Шахимат, как и в моём школьном детстве, любит ходить из угла в угол, пока что-то рассказывает. Он быстро шагает по вагону из конца в конец, и мне очень сложно следить за ним — приходится вертеть головой так, что простынка постоянно сползает с плеч и коленок, и Шахимат наконец замечает:
— Кристина, вы что, голая? Немедленно вон из класса! Простыни сдать в гардеробе! — до ужаса знакомый высокий голос.
Он распахивает для меня вместо двери окно, но слишком сильно, поэтому сам вываливается наружу, в тёмную ночь, и я, вздрогнув, просыпаюсь.

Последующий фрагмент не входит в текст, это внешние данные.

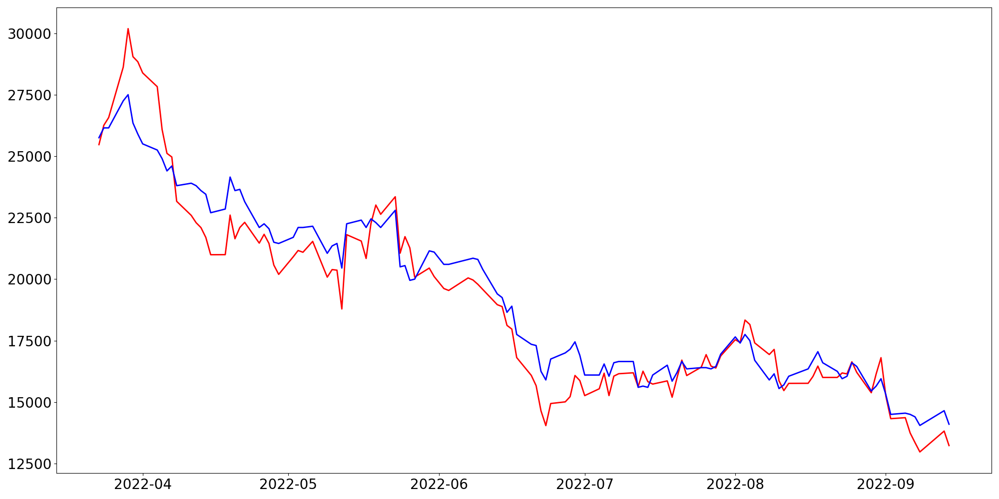 [ - : 실제값(종가) / - : 예측값(종가) ]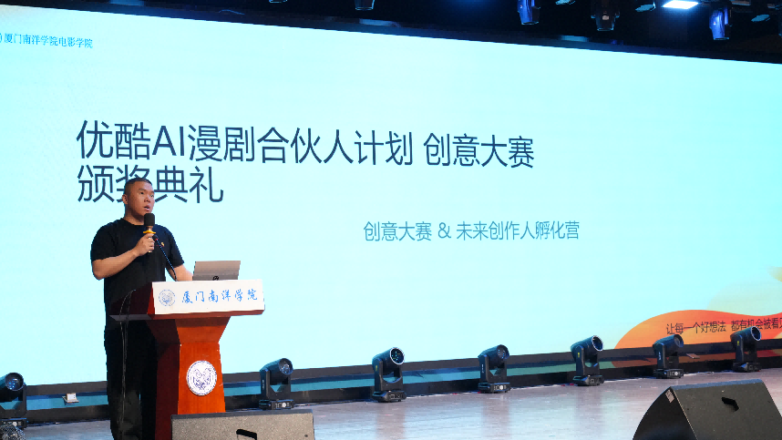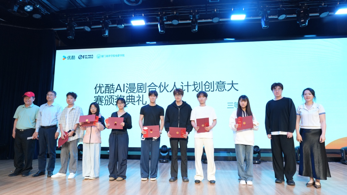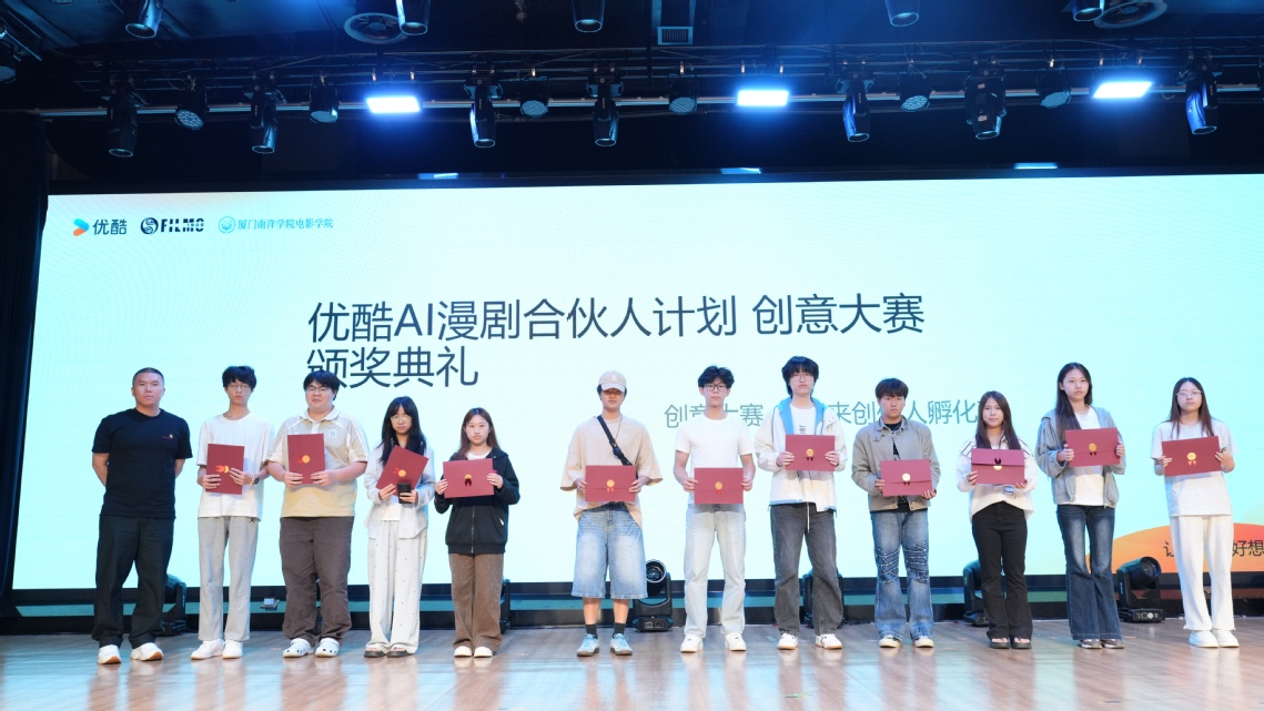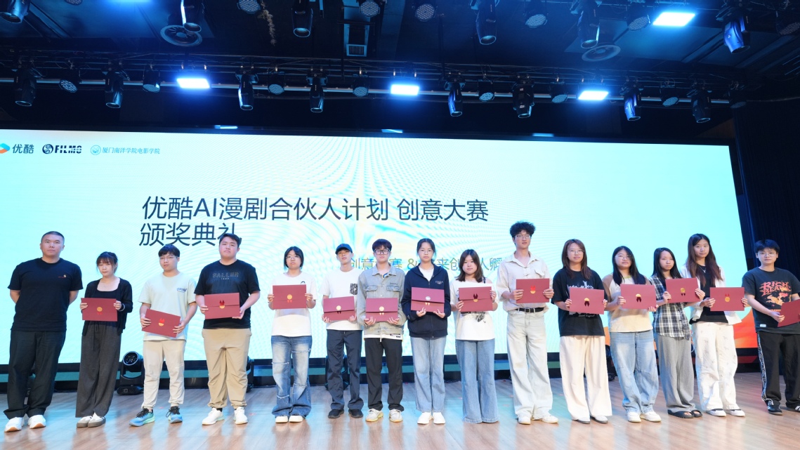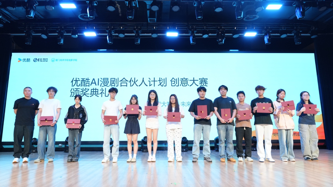 4月10日,优酷AI漫剧合伙人计划创意大赛闭幕式暨颁奖仪式在厦门南洋学院活动中心礼堂举行。本次活动由优酷、厦门壹玖零伍文化传媒有限公司、厦门南洋学院联合主办,旨在鼓励青年学子运用AI技术进行漫剧剧本创作,探索人工智能与影视内容生产的融合路径。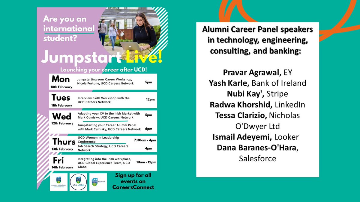 Announcing the Jumpstart Live Alumni Panel with speakers in Technology, Engineering, Consulting and Banking. Signup and find all the event details on CareersConnect: https://buff.ly/37XeKYj

Все мирно спят. К счастью, я немного одетая и даже укрытая покрывалом. Освещение тусклое, под потолком себе под нос. Девушка-соседка чувствует себя как дома, потому что её босая нога свесилась с верхней полки, и я испытываю непреодолимое желание её пощекотать. И не удерживаюсь, конечно. Девушка вздрагивает, убирает ногу и пытается рассмотреть в полумраке, кто это. Я уже мастерски прикидываюсь спящей, но со второй верхней полки раздаётся тихий смешок. Я сама едва сдерживаю смех и изобретательно посапываю в совершенно расслабленной позе. Через полчаса, впрочем, я снова отправляюсь за чаем. Во тьме я вижу на чашке соседки бордовый подтёк. Это значит, что она любит красный чай, но не любит мыть за собой посуду. А утром я сижу у себя на покрывале, поджав ноги, мы все вместе играем в карты, и девушка незаметно пытается меня пощекотать, не зная, что я не боюсь щекотки. Это моя секретная суперспособность.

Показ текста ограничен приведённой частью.